• **DATA FOR REVIEW**
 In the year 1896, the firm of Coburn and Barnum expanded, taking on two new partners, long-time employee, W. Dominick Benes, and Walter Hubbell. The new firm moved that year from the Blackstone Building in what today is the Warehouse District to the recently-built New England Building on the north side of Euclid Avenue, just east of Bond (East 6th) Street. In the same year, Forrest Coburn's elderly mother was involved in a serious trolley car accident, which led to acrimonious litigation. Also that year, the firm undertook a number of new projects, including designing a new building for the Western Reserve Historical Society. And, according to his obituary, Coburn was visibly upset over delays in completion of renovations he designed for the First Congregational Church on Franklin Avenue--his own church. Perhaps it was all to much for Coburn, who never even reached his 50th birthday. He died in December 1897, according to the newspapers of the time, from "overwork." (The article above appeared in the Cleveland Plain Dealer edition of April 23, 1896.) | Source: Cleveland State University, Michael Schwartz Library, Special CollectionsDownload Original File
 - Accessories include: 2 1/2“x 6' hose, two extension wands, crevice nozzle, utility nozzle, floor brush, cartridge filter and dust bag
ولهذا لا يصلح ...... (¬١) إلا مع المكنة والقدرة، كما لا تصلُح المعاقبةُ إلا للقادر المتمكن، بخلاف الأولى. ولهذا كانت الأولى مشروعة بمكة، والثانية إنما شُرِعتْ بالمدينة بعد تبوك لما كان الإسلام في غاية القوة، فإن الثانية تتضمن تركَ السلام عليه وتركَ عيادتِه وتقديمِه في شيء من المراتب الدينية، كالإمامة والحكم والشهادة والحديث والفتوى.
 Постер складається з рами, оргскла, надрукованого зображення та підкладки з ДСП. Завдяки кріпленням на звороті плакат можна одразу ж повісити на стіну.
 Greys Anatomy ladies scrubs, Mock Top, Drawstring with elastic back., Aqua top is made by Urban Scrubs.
* * *
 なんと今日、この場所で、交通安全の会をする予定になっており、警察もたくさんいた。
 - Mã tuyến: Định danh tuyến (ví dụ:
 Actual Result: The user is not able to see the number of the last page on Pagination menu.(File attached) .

• **EXERCISE DESCRIPTION**
In the data above, retype exactly and only the lines between the one holding "- Accessories include: 2" and the one holding "ولهذا لا يصلح", inclusive.

• **EXERCISE RESPONSE**
 - Accessories include: 2 1/2“x 6' hose, two extension wands, crevice nozzle, utility nozzle, floor brush, cartridge filter and dust bag
ولهذا لا يصلح ...... (¬١) إلا مع المكنة والقدرة، كما لا تصلُح المعاقبةُ إلا للقادر المتمكن، بخلاف الأولى. ولهذا كانت الأولى مشروعة بمكة، والثانية إنما شُرِعتْ بالمدينة بعد تبوك لما كان الإسلام في غاية القوة، فإن الثانية تتضمن تركَ السلام عليه وتركَ عيادتِه وتقديمِه في شيء من المراتب الدينية، كالإمامة والحكم والشهادة والحديث والفتوى.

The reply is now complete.